Para muchos, incluso en medio de la pandemia, vacaciones significa pasear y pasear significa abandonar las ciudades, dejar de ver noticias, silenciar el celular y conectarse con la naturaleza.
Irse de vacaciones es un estado mental: es disponerse para disfrutar sensaciones visuales, sonoras, olfativas y táctiles que descansan la mente: es oír el mar, el río, la quebrada. Es sentir la arena en los pies, o el viento frío que golpea la cara; es cambiar de clima y en consecuencia de ropa y admirarse por la velocidad con la que transcurre un atardecer, la solemnidad de un cóndor, el clavado de pesca de un pelícano, la elegancia de una garza, o el canto de un grupo de loros en pleno vuelo.
No practico el avistamiento de aves pero sí he disfrutado su sonido y plumaje en parques como Los Alcázares o el Bosque Popular el Prado, en donde es tan fácil ver pájaros carpinteros, o en la Reserva del Río Blanco, en donde la variedad es mucho más amplia. Hace dos años, en el valle de La Samaria, en San Félix, pude ver gozar el vuelo de un águila y también algunos loros orejiamarillos.
El loro orejiamarillo es una especie en vía de extinción que habita en donde hay palma de cera.

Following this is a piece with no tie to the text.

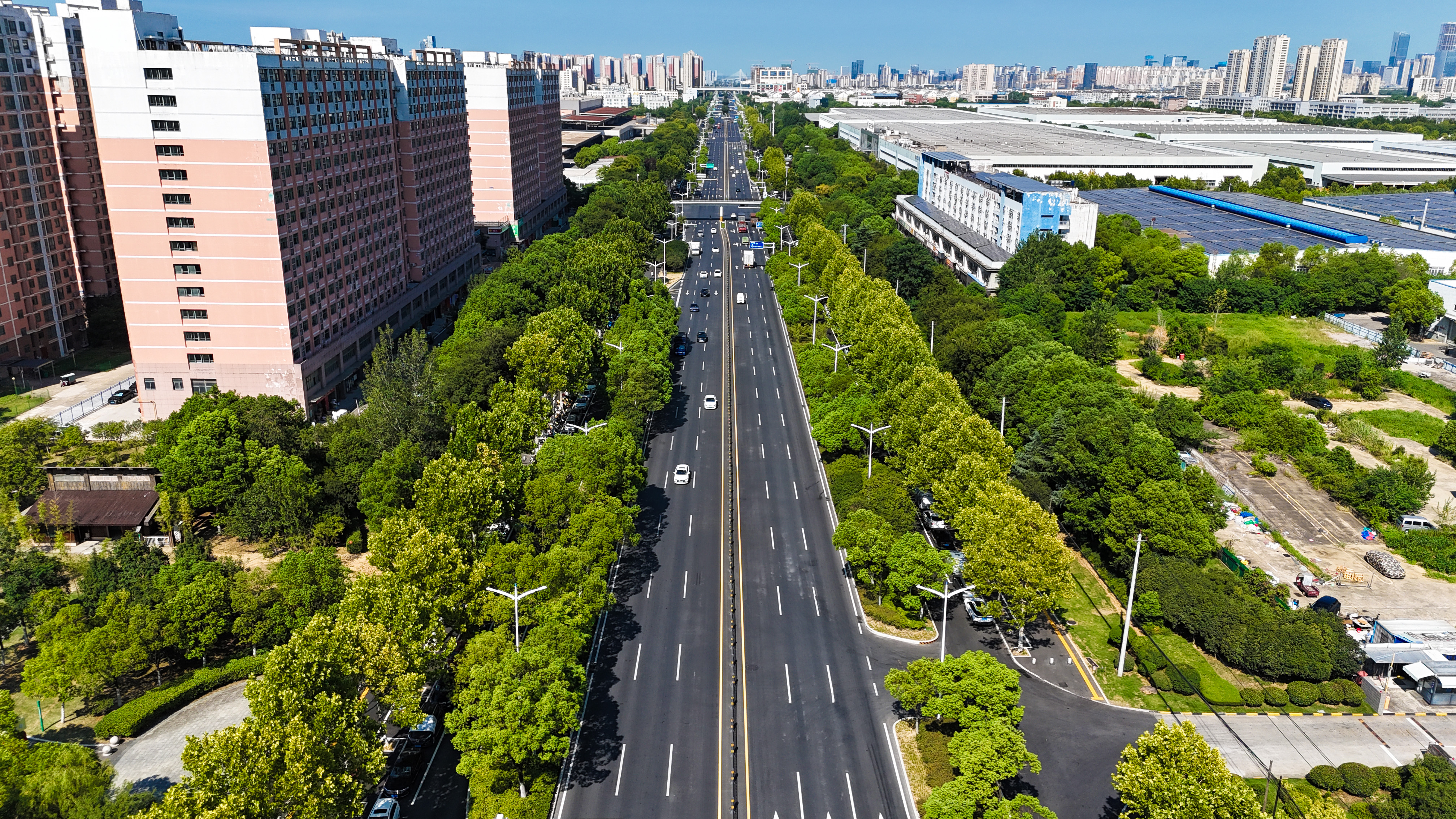 作为高新区南部重要的东西向城市主干道,此次改造针对不同路段现状特点,实施差异化方案。其中,明珠大道(杭埠路-集贤路)段原已具备“双六主车道+辅道+人行道”格局,本次以“白加黑”(水泥路面升级沥青路面)为主,进一步提升道路通行舒适度与耐用性;明珠大道(玉兰大道-大龙山路)段原为“双四主车道”,辅道与人行道尚未完善,本次改造不仅将主车道升级为“双六”标准,还同步新建辅道与人行道,补齐慢行短板;明珠大道(大龙山路-鸡鸣山路)段原已具备“双六主车道”,但慢行系统不完善,此次改造重点新建辅道和人行道,完善道路功能。

El bosque de palma de cera de San Félix es tan grande y está tan bien conservado que ha permitido que allí se reproduzca este loro de más de 40 cms., que cada día es más difícil de ver, como son también cada día más limitados los espacios para la palma de cera, el árbol emblema de Colombia.
Aunque la palma de cera se asocia con el Valle del Cocora, en Quindío, hay también otros lugares del país en los que crece majestuosa. En el Páramo de la Yerbabuena, en zona rural de Roncesvalles, en los límites entre Tolima y Valle, Gonzalo Cardona Molina creó en 1998 la Reserva ProAves Loros Andinos, para proteger a estos animales: en el primer conteo que hizo identificó 81 individuos y en el último censo nacional de loro orejiamarillo y cotorra coroniazul contaron 2.895 loros en Roncesvalles.
Lo que para los citadinos es un paseo de vacaciones, salir a ver loros o palmas, ballenas, corales o guacamayas, para algunos es un compromiso a tiempo completo por la defensa de un hábitat, un territorio, un paisaje, un ecosistema. Un proyecto de vida y también, infortunadamente, de muerte.
El regreso de las vacaciones coincidió con la noticia sobre el asesinato del líder ambientalista Gonzalo Cardona Molina en zona rural de la vereda La Unión, de Tuluá. Su crimen se suma al asesinato de Juana Perea, opositora al Puerto de Tribugá en Nuquí, Chocó, ocurrido en octubre pasado; al de Alejandro Llinás, opositor de la caza furtiva y con trampero de armadillos, tigrillos y osos hormigueros en la Sierra Nevada de Santa Marta, y al de Carlos Aldario Arenas Salinas, promotor de la Ruta del Cóndor en el Nevado de Santa Isabel, ocurridos en 2019. Por sus crímenes y los de otros muchos, la ONG Internacional Global Witness dijo el año pasado que Colombia encabeza el ranking mundial de asesinatos a líderes medioambientales: en 2019 murieron violentamente 212 defensores ecológicos en todo el mundo y 64 de estos crímenes ocurrieron en Colombia.
Al inicio de las vacaciones el Gobierno sacó de la Dirección Nacional de Parques Naturales a Julia Miranda, quien llevaba 16 años defendiendo los parques del interés que grupos legales e ilegales tienen sobre territorios protegidos. Su salida y la pandemia de crímenes de ambientalistas, que no cesa, evidencian que, en algunos paisajes con agua pura, verdes intensos y fauna silvestre, la guerra no tiene días de descanso.
Esta columna empezó hablando de vacaciones y terminó con homicidios. Así fue la vida de Gonzalo, Juana, Carlos Aldario y Alejandro: gente que pasó sus días entre palmas, loros, playas, ballenas, cóndores o armadillos y terminó en las páginas judiciales. ¡Qué país!